Any exception should be discussed with the Coordinating Investigator.

  1. Personal or family history of serious ventricular arrhythmia, or QT interval corrected for heart rate (QTc) ≥470 ms.
  2. Any other prior or current medical condition, intercurrent illness, surgical history, physical or electrocardiogram (ECG) findings, laboratory abnormalities, or extenuating circumstance (e.g. alcohol or drug addiction) that, in the Investigator’s opinion, could jeopardize patient safety or interfere with the objectives of the study.
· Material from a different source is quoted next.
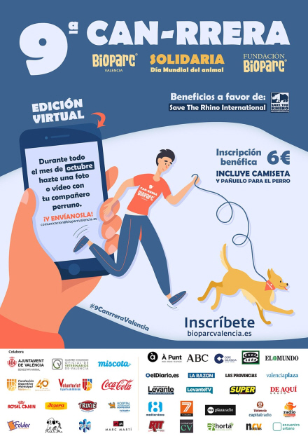 Deltagerne opfordres til at dele et billede eller en video med deres hund på sociale netværk under hashtagget #9CanrreraValencia og send desuden billedet for at komme med i den 9. CAN-RRERA-video. Send billeder til: comunicacion@bioparcvalencia.es

  3. Prior history of malignancies other than Acute myeloid leukemia (AML) or MDS, unless the patient has been free of the disease for 5 years or more prior to screening. Exceptions to the ≥5-year time limit include history of the following:
  • basal cell carcinoma of the skin
  • non-metastatic squamous cell carcinoma of the skin
  • carcinoma in situ of the cervix
  • carcinoma in situ of the breast
  • carcinoma in situ of the bladder
  • incidental histological finding of prostate cancer (Tumor/Node/Metastasis [TNM] stage of T1a or T1b).
  1. Pregnant or breast-feeding females

Participation criteria are verified by the investigator. Participation in the study is contingent upon meeting all inclusion criteria and meeting none of the exclusion criteria. The criteria provided may not be a complete list.